The justification test for infringing Aboriginal title

The key question then becomes the “justification test.” The Supreme Court articulated the test as follows: “To justify overriding the Aboriginal title-holding group’s wishes on the basis of the broader public good, the government must show: (1) that it discharged its procedural duty to consult and accommodate, (2) that its actions were backed by a compelling and substantial objective; and (3) that the governmental action is consistent with the Crown’s fiduciary obligation to the group” (paragraph 77). Each of these conditions requires further elaboration.

The duty to consult and accommodate exists whether or not title has been established. When the Crown is contemplating actions that it thinks might affect aboriginal title, its obligation to consult the affected First Nation are defined by a spectrum articulated in the Court’s 2004 Haida decision: “In general, the level of consultation and accommodation required is proportionate to the strength of the claim and to the seriousness of the adverse impact the contemplated governmental action would have on the claimed right” (paragraph 79).

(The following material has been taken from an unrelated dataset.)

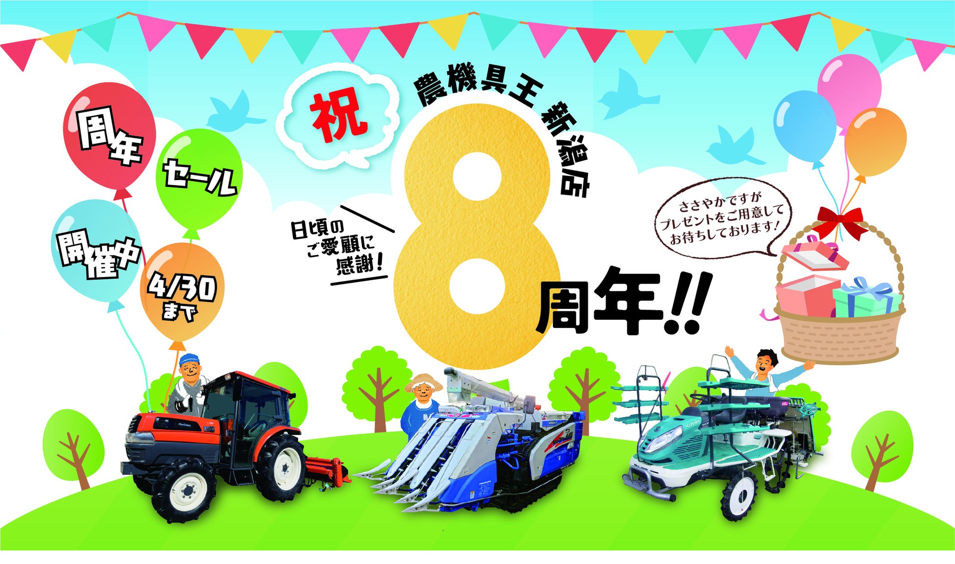 「農機具王 新潟店」地域の生産者様とともに歩んで8周年感謝の気持ちを込めた「周年セール」を4月7日から開催!

Objectives that were considered “compelling and substantial” were articulated in the Supreme Court’s 1997 Delgamuukw case. The Tsilhqot’in case simply quoted the Delgamuukw decision on the definition: “In my opinion, the development of agriculture, forestry, mining, and hydroelectric power, the general economic development of the interior of British Columbia, protection of the environment or endangered species, the building of infrastructure and the settlement of foreign populations to support those aims, are the kinds of objectives that are consistent with this purpose and, in principle, can justify the infringement of [A]boriginal title.  Whether a particular measure or government act can be explained by reference to one of those objectives, however, is ultimately a question of fact that will have to be examined on a case-by-case basis” (paragraph 83).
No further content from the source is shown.